IBCN   20355
INSTITUTO DE BIOLOGIA CELULAR Y NEUROCIENCIA "PROFESOR EDUARDO DE ROBERTIS"
Unidad Ejecutora - UE
artículos
Título:
Expectation and attention in hierarchical auditory prediction
Autor/es:
SRIVAS CHENNU; VALDAS NOREIKA; DAVID GUEORGUIEV; ALEJANDRO BLENKMANN; SILVIA KOCHEN; AGUSTÍN MARIANO IBÁÑEZ BARASSI; ADRIAN OWEN; TRISTAN BEKINSCHTEIN
Revista:
JOURNAL OF NEUROSCIENCE
Editorial:
SOC NEUROSCIENCE
Referencias:
Lugar: Washington; Año: 2013 vol. 33 p. 11194 - 11205
ISSN:
0270-6474
Resumen:
Hierarchical predictive coding suggests that attention in humans emerges from increased precision in probabilistic inference, while expectation biases attention in favour of contextually anticipated stimuli. We test these notions within auditory perception by independently manipulating top-down expectation and attentional precision alongside bottom-up stimulus predictability. Our findings support an integrative interpretation of commonly observed electrophysiological signatures of neurodynamics, namely the MMN (Mismatch Negativity), P300 and CNV (Contingent Negative Variation), as manifestations along successive levels of predictive complexity. Early first-level processing indexed by the MMN was sensitive to stimulus predictability: here, attentional precision enhanced early responses, but explicit top-down expectation diminished it.
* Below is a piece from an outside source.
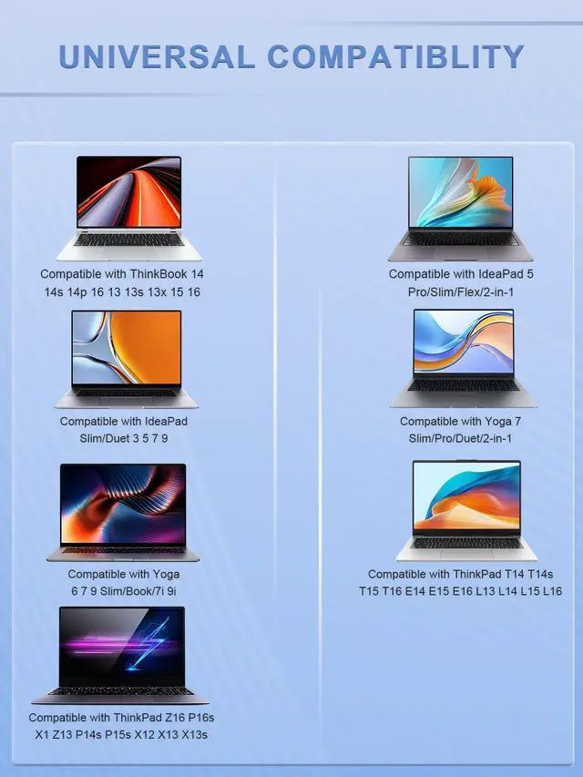 CompatibilityThis 135W power adapter is fully compatible with Lenovo's mainstream product lines, including ThinkPad (Z16 P16s T14 C13 C14 T580 T590), Yoga Slim/Pro 7 9(720 910 920 C930 730), and IdeaPad Pro 5 more series. It is also compatible with Lenovo laptops equipped with 100W, 95W, 65W and 45W power supplies. (Note: Please ensure your connector type is USB Type C before purchasing.) If your model requires 20V/6.75A output, this well-designed adapter is ideal.

This pattern was in contrast to later, second-level processing indexed by the P300: though sensitive to the degree of predictability, responses at this level were contingent on attentional engagement, and in fact sharpened by top-down expectation. At the highest level, the drift of the CNV was a fine grained marker of top-down expectation itself. Source reconstruction of high-density EEG, supported by intracranial recordings, implicated temporal and frontal regions differentially active at early and late levels. The cortical generators of the CNV suggested that it might be involved in facilitating the consolidation of context-salient stimuli into conscious perception. These results provide convergent empirical support to promising recent accounts of attention and expectation in predictive coding.